══ MATERIAL SHOWN ══

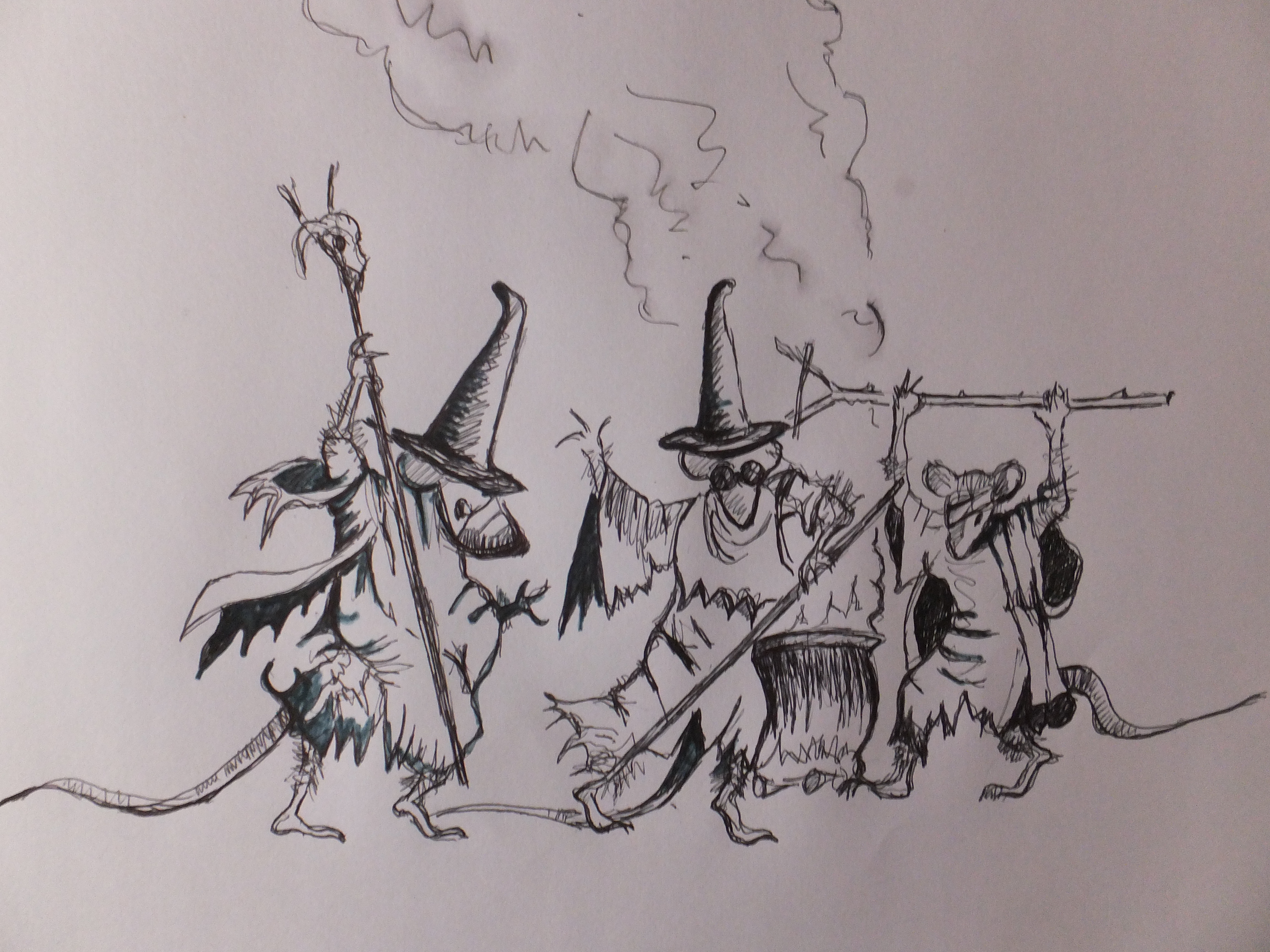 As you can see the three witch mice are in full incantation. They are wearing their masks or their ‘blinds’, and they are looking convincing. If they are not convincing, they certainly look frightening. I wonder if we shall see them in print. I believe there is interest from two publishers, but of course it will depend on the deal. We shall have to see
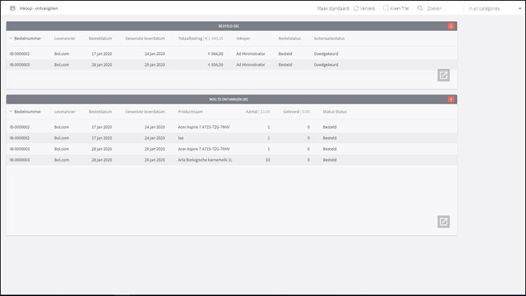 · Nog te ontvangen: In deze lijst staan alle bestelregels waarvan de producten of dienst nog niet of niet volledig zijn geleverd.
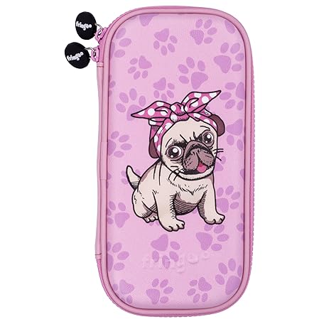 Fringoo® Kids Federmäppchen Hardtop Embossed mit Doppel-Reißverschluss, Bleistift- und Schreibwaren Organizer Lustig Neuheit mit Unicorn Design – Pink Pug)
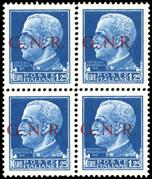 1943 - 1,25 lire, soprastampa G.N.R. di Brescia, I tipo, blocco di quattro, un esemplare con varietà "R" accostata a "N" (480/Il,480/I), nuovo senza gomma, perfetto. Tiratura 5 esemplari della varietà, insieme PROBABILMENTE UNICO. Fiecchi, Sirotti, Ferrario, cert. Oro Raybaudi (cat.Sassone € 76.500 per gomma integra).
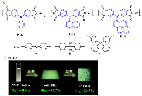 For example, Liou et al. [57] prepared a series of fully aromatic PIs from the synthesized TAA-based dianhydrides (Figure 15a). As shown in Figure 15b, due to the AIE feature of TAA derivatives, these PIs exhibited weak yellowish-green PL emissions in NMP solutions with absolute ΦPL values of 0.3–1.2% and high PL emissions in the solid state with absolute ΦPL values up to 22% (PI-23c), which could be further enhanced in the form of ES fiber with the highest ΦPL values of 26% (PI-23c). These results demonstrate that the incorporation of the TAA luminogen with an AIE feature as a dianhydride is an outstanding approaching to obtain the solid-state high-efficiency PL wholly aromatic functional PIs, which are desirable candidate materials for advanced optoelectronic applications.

═══

* ABOUT THIS TASK
Skipping all images, output the listing exactly.

* ANSWER TO THIS EXERCISE
 As you can see the three witch mice are in full incantation. They are wearing their masks or their ‘blinds’, and they are looking convincing. If they are not convincing, they certainly look frightening. I wonder if we shall see them in print. I believe there is interest from two publishers, but of course it will depend on the deal. We shall have to see
 · Nog te ontvangen: In deze lijst staan alle bestelregels waarvan de producten of dienst nog niet of niet volledig zijn geleverd.
 Fringoo® Kids Federmäppchen Hardtop Embossed mit Doppel-Reißverschluss, Bleistift- und Schreibwaren Organizer Lustig Neuheit mit Unicorn Design – Pink Pug)
 1943 - 1,25 lire, soprastampa G.N.R. di Brescia, I tipo, blocco di quattro, un esemplare con varietà "R" accostata a "N" (480/Il,480/I), nuovo senza gomma, perfetto. Tiratura 5 esemplari della varietà, insieme PROBABILMENTE UNICO. Fiecchi, Sirotti, Ferrario, cert. Oro Raybaudi (cat.Sassone € 76.500 per gomma integra).
 For example, Liou et al. [57] prepared a series of fully aromatic PIs from the synthesized TAA-based dianhydrides (Figure 15a). As shown in Figure 15b, due to the AIE feature of TAA derivatives, these PIs exhibited weak yellowish-green PL emissions in NMP solutions with absolute ΦPL values of 0.3–1.2% and high PL emissions in the solid state with absolute ΦPL values up to 22% (PI-23c), which could be further enhanced in the form of ES fiber with the highest ΦPL values of 26% (PI-23c). These results demonstrate that the incorporation of the TAA luminogen with an AIE feature as a dianhydride is an outstanding approaching to obtain the solid-state high-efficiency PL wholly aromatic functional PIs, which are desirable candidate materials for advanced optoelectronic applications.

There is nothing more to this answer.